■ Exercise details:
From the first line to the last, restate the material word for word; pictures stay out.

··· Data segment ···

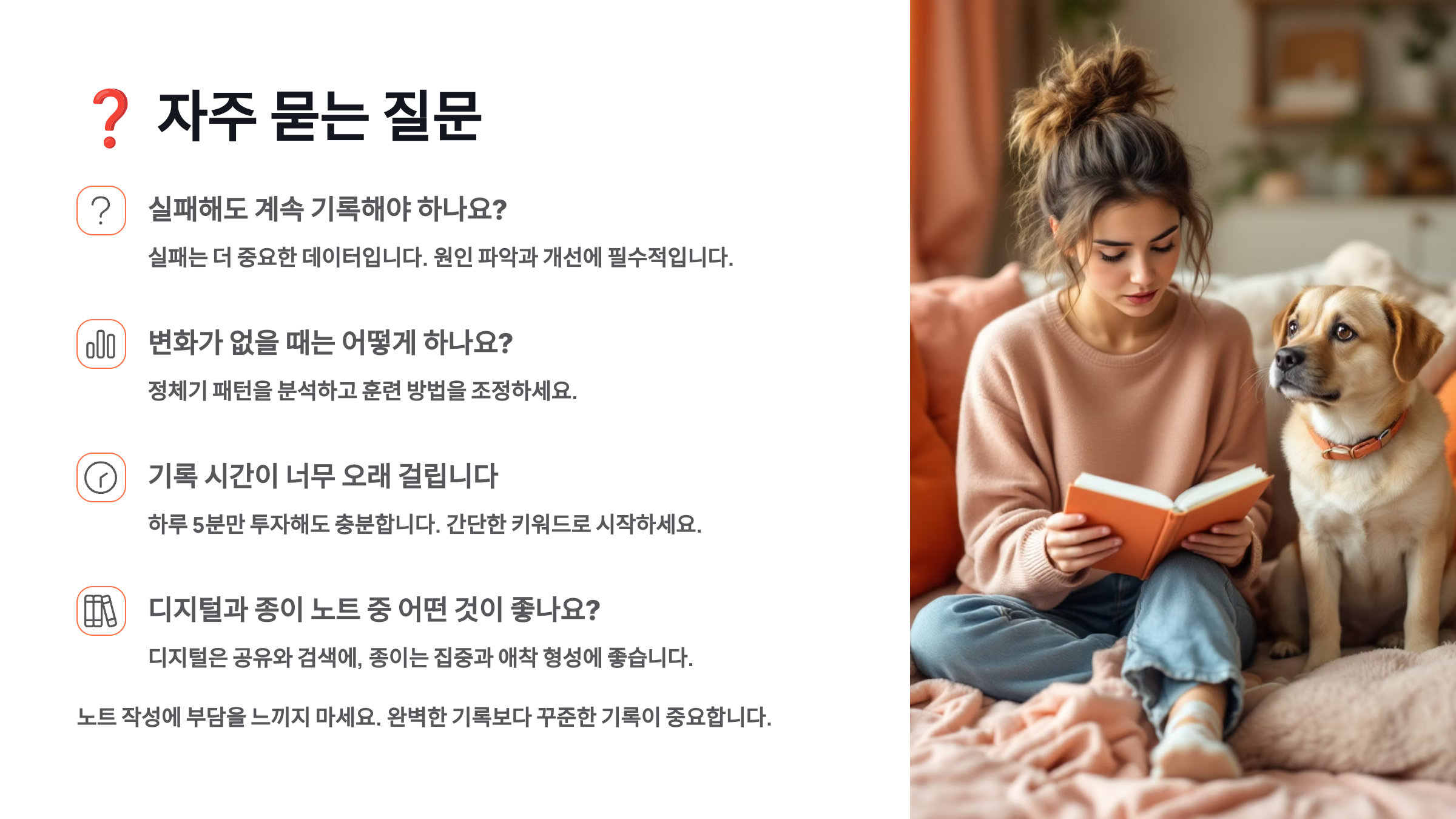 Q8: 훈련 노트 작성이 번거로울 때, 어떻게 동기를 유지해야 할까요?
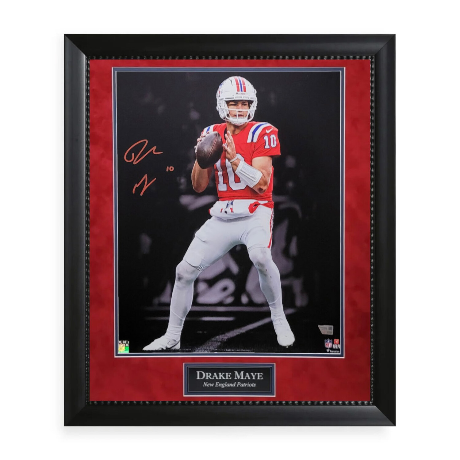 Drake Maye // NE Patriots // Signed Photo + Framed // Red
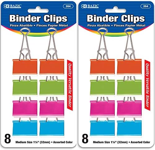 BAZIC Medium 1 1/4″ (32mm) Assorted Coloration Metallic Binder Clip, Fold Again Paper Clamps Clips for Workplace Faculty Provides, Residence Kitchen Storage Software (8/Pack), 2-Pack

···

■ Result of the exercise:
 Q8: 훈련 노트 작성이 번거로울 때, 어떻게 동기를 유지해야 할까요?
 Drake Maye // NE Patriots // Signed Photo + Framed // Red
 BAZIC Medium 1 1/4″ (32mm) Assorted Coloration Metallic Binder Clip, Fold Again Paper Clamps Clips for Workplace Faculty Provides, Residence Kitchen Storage Software (8/Pack), 2-Pack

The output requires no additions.